The invention relates to fluid sampling in living creatures. Particularly, the invention relates to sampling of fluid from the rumens of cattle, sheep, or goats.
Unlike nonruminants (e.g., horses, poultry and swine), ruminants (e.g., cattle, goats and sheep) have a four-compartment stomach. The rumen is the largest compartment and functions as a large fermentation chamber, in which microbes produce volatile fatty acids. These are then absorbed and used by the animal for productive purposes (e.g., milk production and growth). The importance of volatile fatty acids to animal-productivity has resulted in the development of frequent and labor-intensive sampling methods for their determination.
Researchers, large feed companies, and some private laboratories devote considerable resources to measuring the effects of various feeds and feed treatments on ruminal fermentation. The pattern of fermentation in the rumen must be closely monitored using some sort of sampling apparatus to properly determine the nutritional value of diets.
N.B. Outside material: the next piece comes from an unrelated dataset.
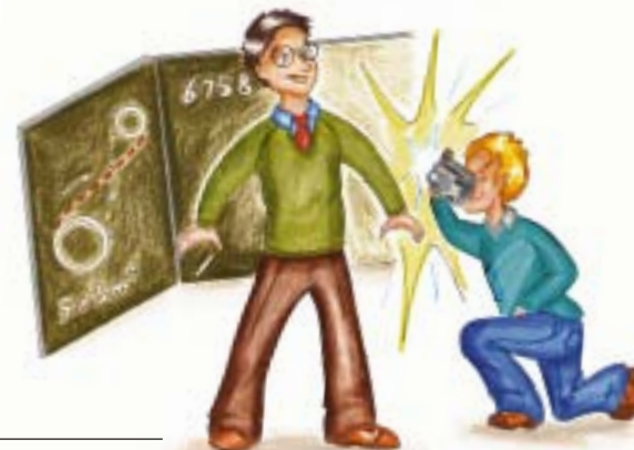
Illustration: Claudia Bauer, Pinselstrich&Farbenspiel

Hat ein Schüler im Schulgebäude oder auf dem Schulgelände ein Mobiltelefon oder ein anderes digitales Speichermedium ohne Erlaubnis der Lehrkraft eingeschaltet, so kann das Gerät vorübergehend einbehalten werden (vgl. Art. 56, Abs. 5 BayEUG). Daneben können auch die schulischen Erziehungs- und Ordnungsmaßnahmen nach Art. 86 BayEUG getroffen werden. Darüber hinaus ist jedoch zu beachten, dass möglicherweise eine Strafbarkeit nach § 33 Kunsturhebergesetz (KunstUrhG) in Betracht kommt. Wer z. B. eine Fotografie eines anderen ohne dessen Einwilligung verbreitet oder öffentlich zur Schau stellt, verletzt dessen besonderes, verfassungsrechtlich verankertes Persönlichkeitsrecht des Rechts am eigenen Bild nach § 22 KunstUrhG.

Fermentation in the rumen [e.g., the production of volatile fatty acids (acetic, propionic, butyric, and higher acids)] is a dynamic process and a major determinant of the efficiency of animal growth, milk production, and milk composition.
Ruminal sampling methods also are important in veterinary practice. These techniques are responsible for assisting in the diagnosis of digestive diseases and latent or clinical conditions affecting digestion and the well-being of the animal. A critical factor limiting our ability to gather data about ruminal fermentation has been the lack of appropriate sampling methods.
Several factors complicate ruminal sampling; however, most arise from the heterogeneous nature of the ruminal contents and the dynamics of the digestion process. A sample representative of the biological and biochemical environment of the rumen is best collected under standard conditions in relation to time of feeding and location in the rumen, preferably from the center or ventral ruminal sac. Ruminal fluid samples should also be taken over time to account for diurnal changes.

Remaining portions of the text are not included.